I Have Problems With Rogue One

I Have Problems With Rogue One

The reviews for Rogue One are in, and they’re near-universally positive — including our own. Less the broad caper of The Force Awakens and more a ground-level exploration of some known Star Wars landmarks, the film delivers a careful balance of freshness and nostalgia — but I don’t believe it’s flawless.

While there’s plenty to love, something’s been gnawing at me since seeing Rogue One over the weekend, and I’m not alone. Hear me out before you start leaving me death threats in the comments. (And you’re used to this by now but…)

I Have Problems With Rogue One

The original trilogy was about heroic rebels trying to topple the (objectively) evil Empire. The good-est good guy is basically a monk; the baddest bad dude murders a bunch of people and has a face like a sun-deprived raisin. Cut and dry. In Rogue One, the Lawful Good Rebel Alliance of A New Hope is shown to have made some morally dubious choices in order to try to free the galaxy from the Emperor. But did they need to be such jerks?

Jyn Erso begins her heroic journey only after the Rebels kidnap, interrogate, and strong-arm her into helping them find her father. She’s eventually joined by Captain Cassian Andor, a man whose first scene involves the coldblooded murder of a hapless informant, the latest in a long line of immoral acts on behalf of the Rebellion. Then a high-ranking Rebel officer orders him to assassinate Jyn’s father Galen, even though the complete destruction of Jedha City is all the proof they need that Galen’s work is done and the Death Star is up and running — killing him will achieve nothing. Why?

More gallingly, when Jyn and Cassian tell the Alliance about the dangers of the Death Star, and that they need to stage an assault on Scarif, the Rebels decide to sit this battle out, at least in part because Jyn is a “criminal.” (Hey, guys — you’re part of an armed revolt. Pot meet space kettle.) It’s not until Jyn and a few other Rebels rebel against the Rebellion (cough) and attack Scarif on their own that the rest of the Alliance is guilted into joining in.

But that doesn’t change the fact that the heroic faction of the original trilogy are too worried about their own necks to even try to save the galaxy at first. Narratively, what’s the point? The big battle scene happens anyway. If the Rebels had agreed to attack Scarif, Jyn’s crew could still have staged the exact same secret mission. The only thing that would have been lost is the gnawing feeling that the Rebellion aren’t particularly righteous or capable.

But Rogue One was created to give us a “gritty” look at the Star Wars universe, which means showing the Rebel Alliance has a dark side, and the war against the Empire had some brutal costs for the “regular” people fighting it (i.e., the people who aren’t larger-than-life heroes like Luke, Leia, and Han). Jyn is forced to watch her father and her adoptive father get killed in the span of an hour. Two full cities of people are annihilated by the Death Star’s laser. Before being evaporated by said laser, Jedha City is the target of bomb-wielding terrorists. And, of course, we’re forced to watch the entire Rogue One team die, one by one.

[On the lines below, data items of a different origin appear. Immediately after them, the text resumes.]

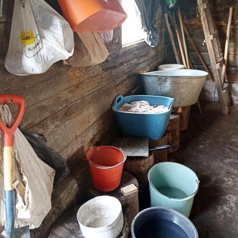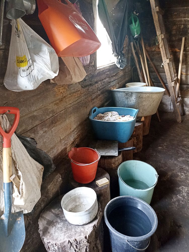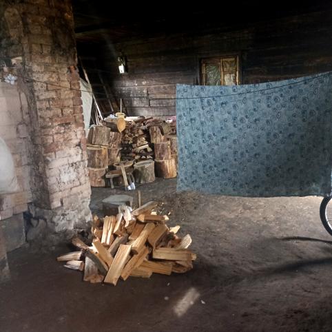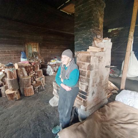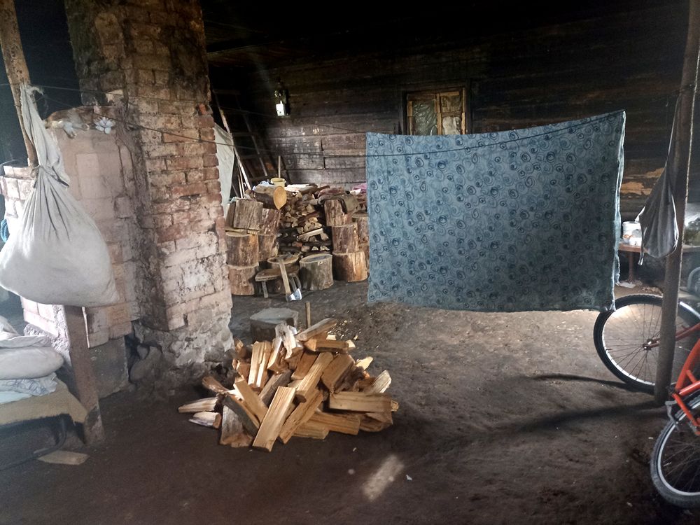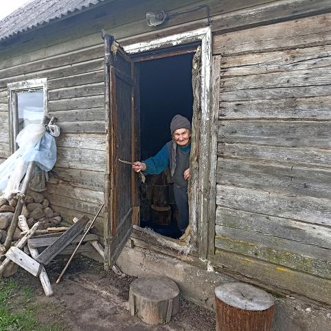 „Prašom, užeikite“, – kviečia močiutė, atrišusi lauko durų virvę, mat šios yra be rankenų. Ji neseniai užsikūrė vidury trobos pamūrytą krosnį, šildo vandenį ir ruošiasi skalbti – įvairaus dydžio induose užmerktas žlugtas. „Šitą krosnį pamūrijęs meistras jau miręs, o aš va, dar gyvenu“,- šypteli senolė. Dievulis jai išties davė stiprią sveikatą – močiutė buityje apsitvarko pati – ir aslą pašluoja, ir valgyti išsiverda, ir dar malkų prisikapoja, tik kad sunkiai jos skyla... Dar ir daržą pati pasisėjo.
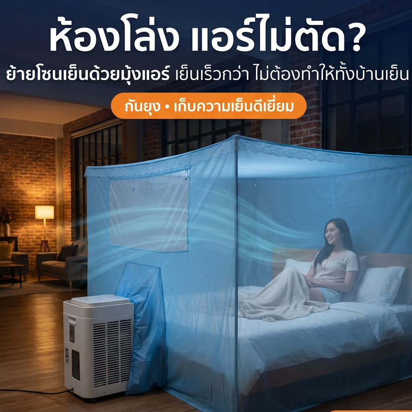 แอร์ 9000 BTU วิมานแอร์ พร้อมมุ้งแอร์สีฟ้า ประหยัดไฟ เย็นสบายทั้งคืน
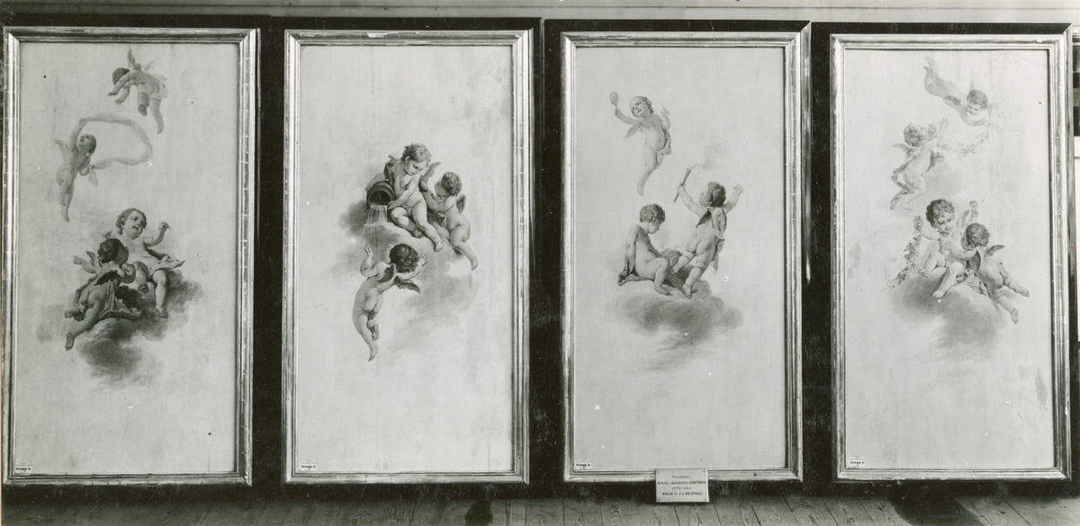 Utställning av AMPHIONs inredning. Målningar i kajutan av Desprez före konservering av konservatorerna Nilsson och Svensson.
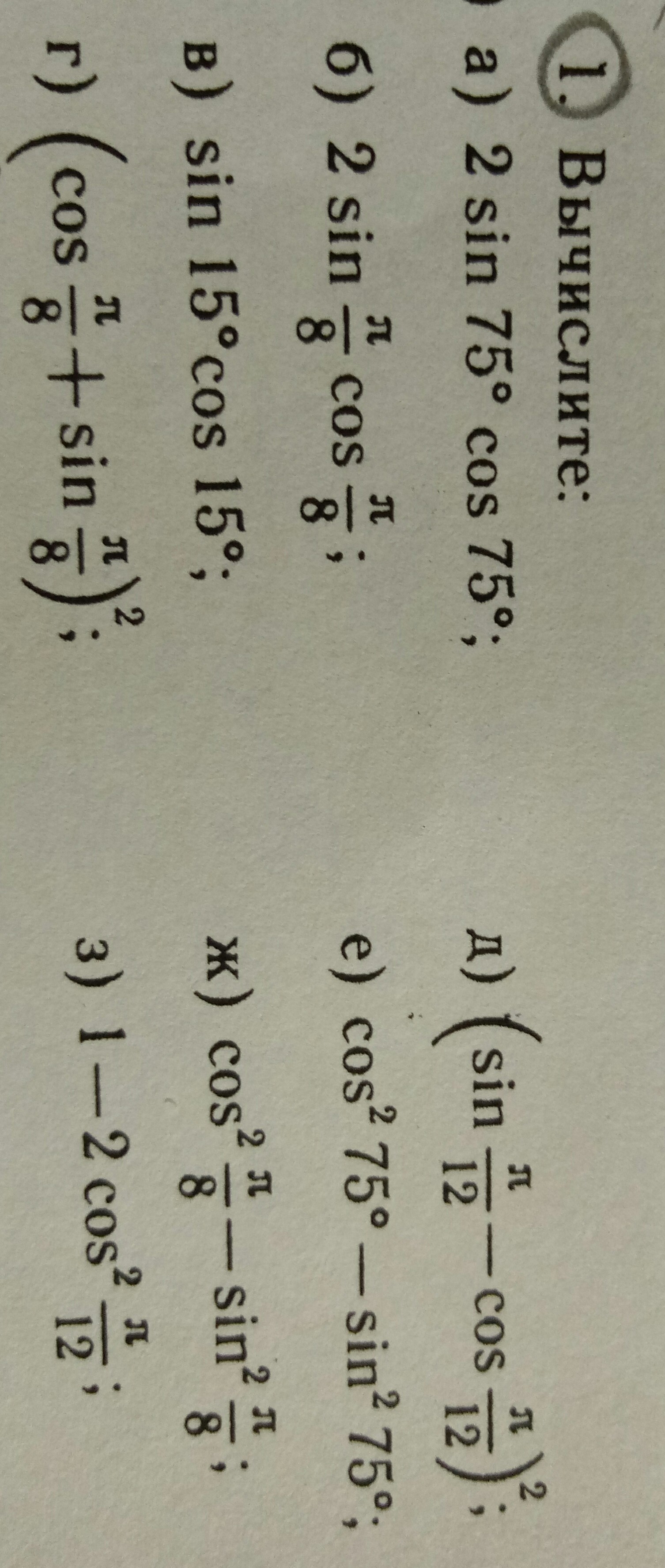 h)1-cos² π/12 - cos² π/12 = sin² π/12 - cos ² π/12 = -cos π/6= -√3/2
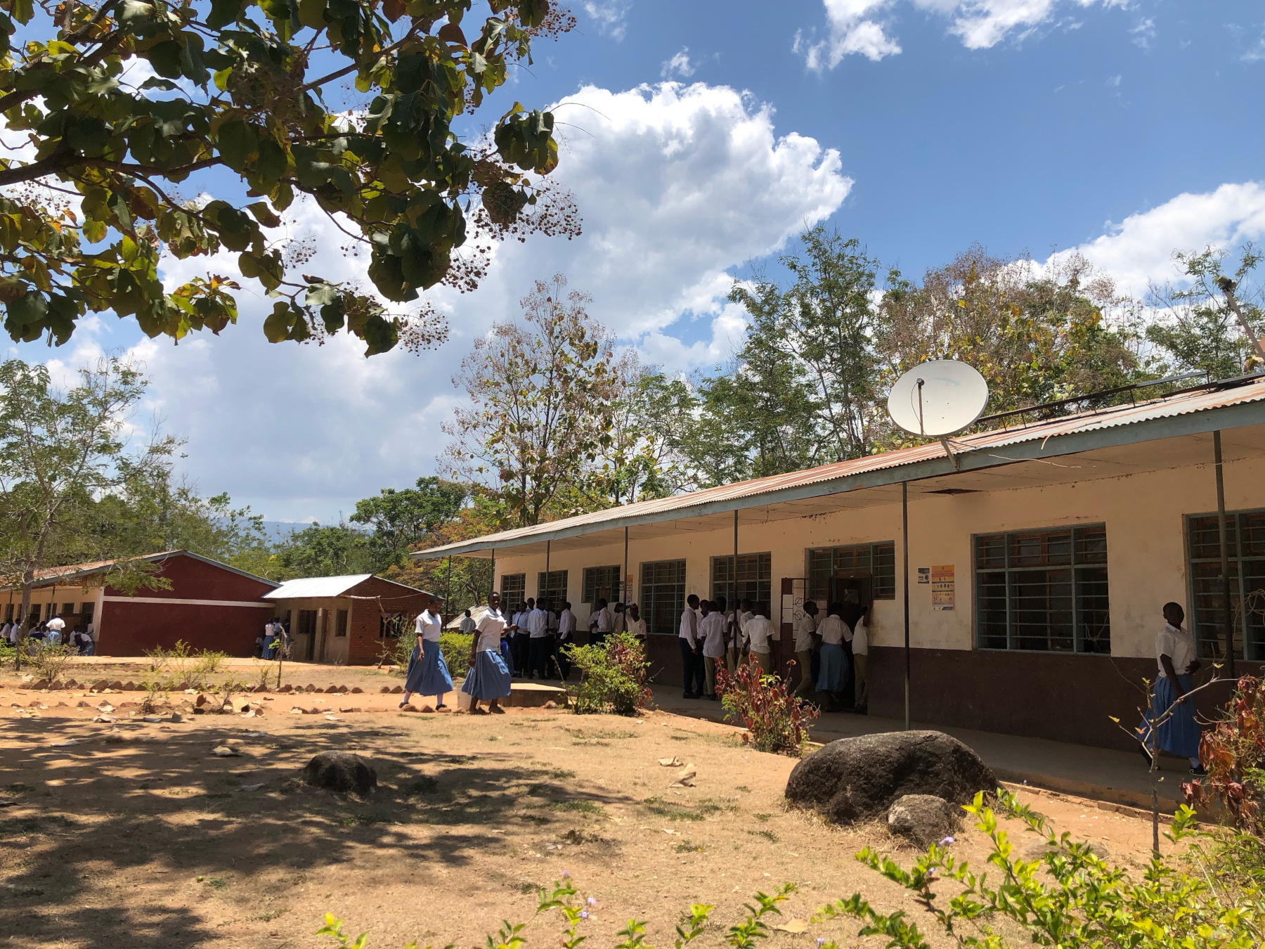 Unsere Kontaktpersonen vor Ort in Tansania sowie hier in Rottenburg – die Familie Chengula – sind seit Oktober 2021 wieder in Mbamba Bay und haben uns die aktuellen Bilder und Videos geschickt. Sie kennen den Rektor der Schule, Herr Marabu, seit vielen Jahren persönlich und sorgen dafür, dass die Spendengelder zuverlässig dort ankommen und sinnvoll eingesetzt werden. Sie kontrollieren auch regelmäßig den Fortschritt und den Verlauf unseres Projekts. Über sie erreichten uns per Email aktuelle Fotos des Schulzentrums vor Ort mit den besten Grüßen und großem Dank der Schüler- und Lehrerschaft. Die Schulmensa, in der täglich über 300 Kinder und Jugendliche versorgt werden, befindet sich zur Zeit im Rohbauzustand, da die finanziellen Mittel der Schule ausgegangen sind. Das Dach bietet in der Regenzeit keinen ausreichenden Schutz mehr und müsste dringend repariert werden. Außerdem werden Tische und Stühle benötigt, damit die Schülerinnen und Schüler Platz zum Essen haben. Es gibt dort viele Kinder, die auf das tägliche, warme Essen angewiesen sind, weil sie die ganze Schulzeit über im Schulzentrum wohnen, da ein Fußmarsch in ihr Heimatdorf viel zu lange dauern würde.
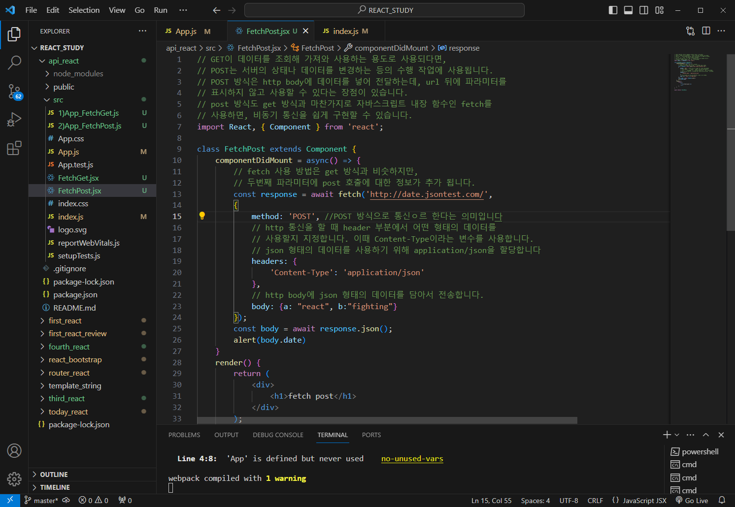 // post 방식도 get 방식과 마찬가지로 자바스크립트 내장 함수인 fetch를
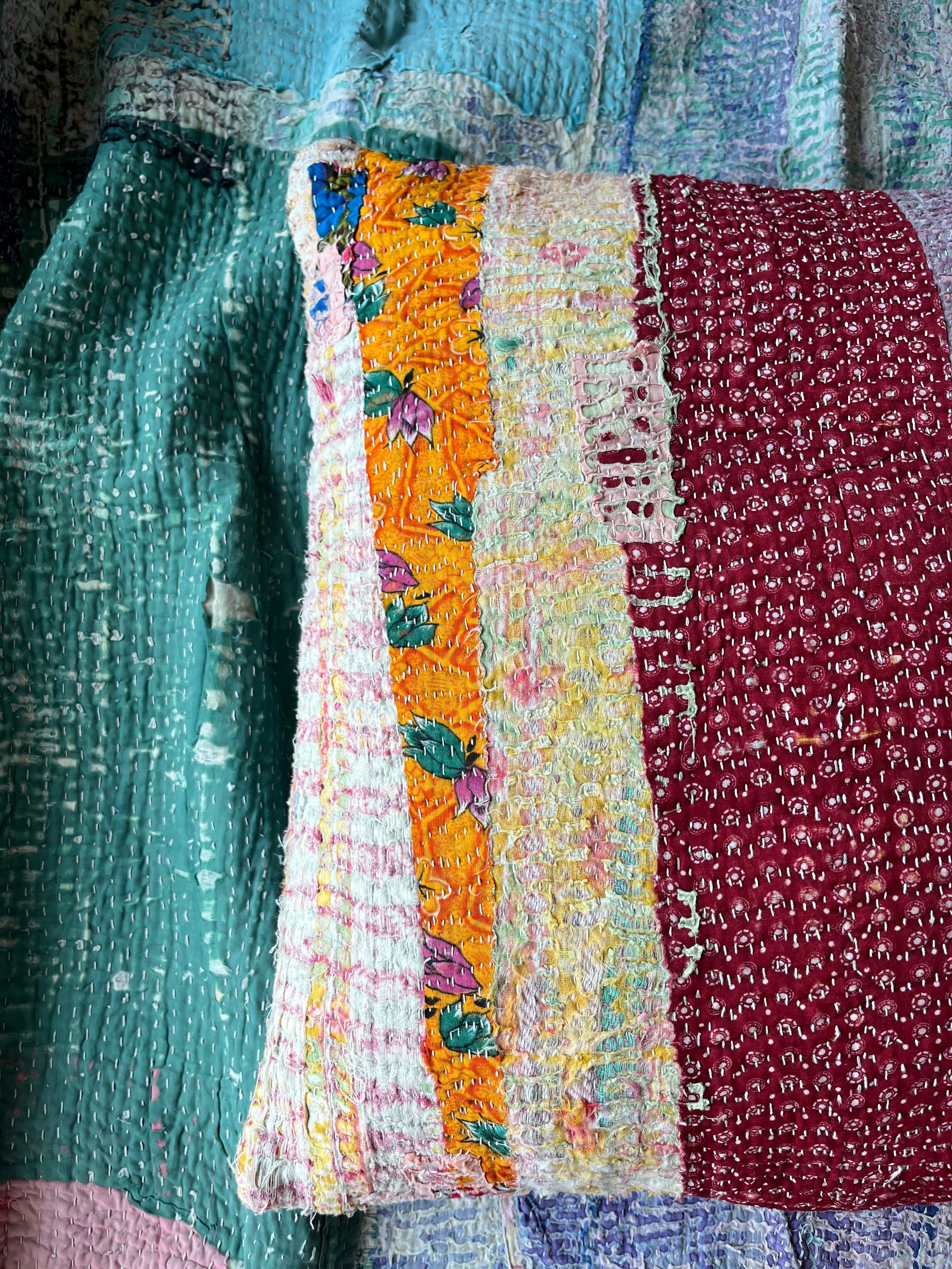 Vintage Kantha Cushion Cover 45×45 iroiro mix (カバーのみ)
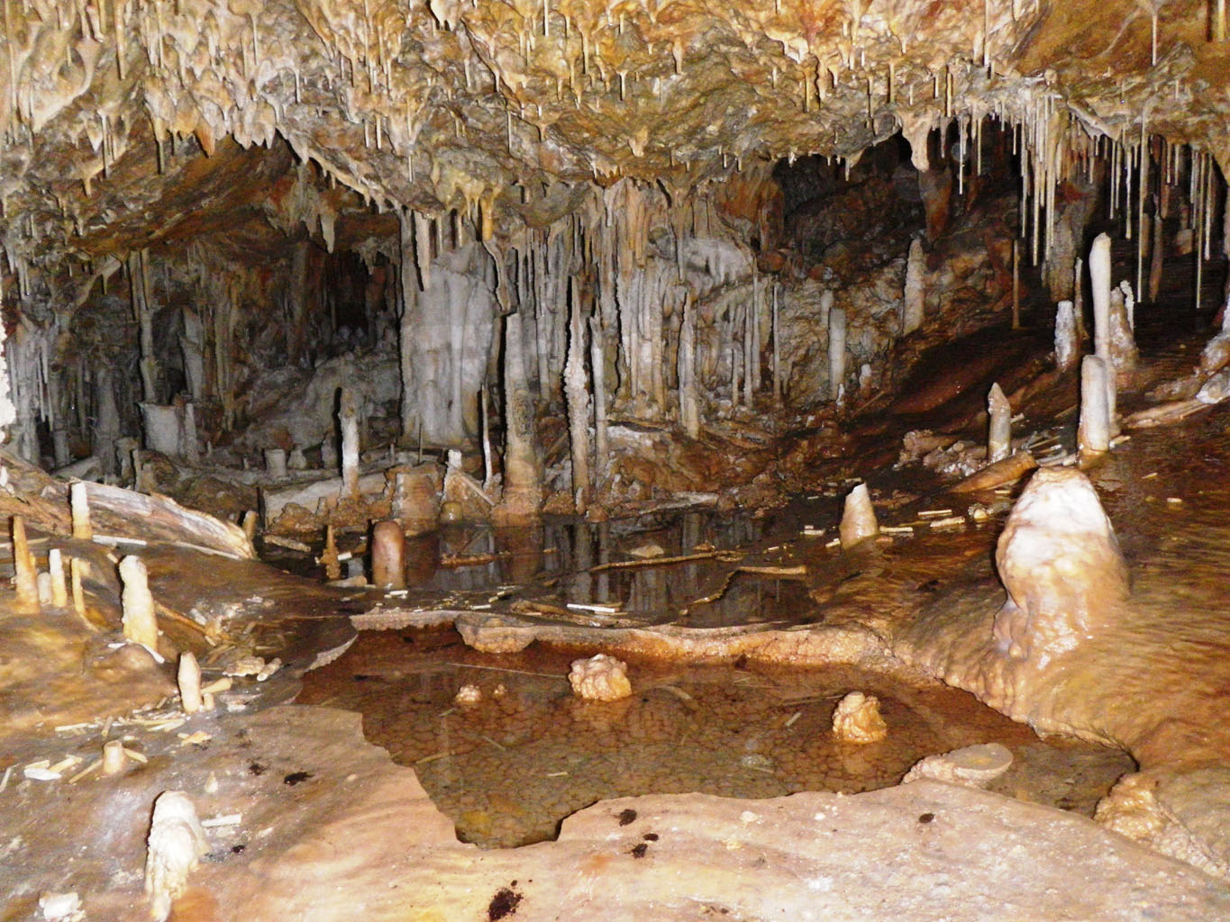 Se compone de varias zonas; la parte alta esta llena de tierra y polvo, como montones dejados por camiones, techo bajo y resquebradizo en su extremo final, cambio radical. Coladas y formaciones múltiples y cientos de excéntricas. La parte central de la sala es de techo más alto, en el centro tierra y polvo, a su derecha un caos de piedras y derrumbe, a la izquierda, roca madre y colada con una enorme fractura con un pequeño paseo que sirve para el discurrir del agua. Y un poco más abajo a la derecha pasando por la cortina de columnatas otra sala impresionante con un laguito. La parte baja, paso difícil por su estrechez, es otra maravilla, aparte de las ingentes formaciones, por sus curiosas formaciones en la parte que se une el techo con el suelo.

Sure, the Star Wars movies have never been strangers to killing characters, but Rogue One‘s dedication to watching its characters die is relentless, and usually to no great advancement of the plot. Donnie Yen’s character is a blind badass who believes in the Force; he dies flipping a single switch. Defector and erstwhile Imperial pilot Bodhi Rook is blown up while plugging in some kind of data cable. Baze Malbus employs a laser chaingun and backpack full of space bullets to kill about five Stormtrooper mooks before buying the farm on Scarif. Most egregious is the death of Saw Gerrera, who allows himself to be vaporized for no good reason.

Watching an ensemble cast we wanted to root for be reduced to cannon fodder could have been heartbreaking. But we know almost nothing about these characters! Chirrut (Yen) is pious and used to guard a temple. Baze has a big gun. Cassian has done some bad stuff and is handsome. Bodhi is resistant to truth-eating brain slugs. Limited information makes it really hard to care if they meet an untimely death and K-2SO, the reprogrammed Imperial droid, was the only character I was sad to see go. (But we still don’t know how Cassian got his hands on or reprogrammed an Imperial droid!)

Contrastingly, the motivations of the film’s main antagonist, Orson Krennic, are perfectly clear. He’s a petty bureaucrat, navigating a bloated and corrupt system to get ahead for his own ego. Simple, effective, and far less convoluted than Jyn’s reasons for joining the Alliance.

The fact that no one from Rogue One appears in any later film always implied from the outset that we’re in for a suicide mission taken up by brave but expendable spies to assist a worthy cause. By undermining the moral certitude of the Rebellion’s and dispatching those soldier so wastefully, I wonder if the particulars of this mission weren’t best left to the imagination.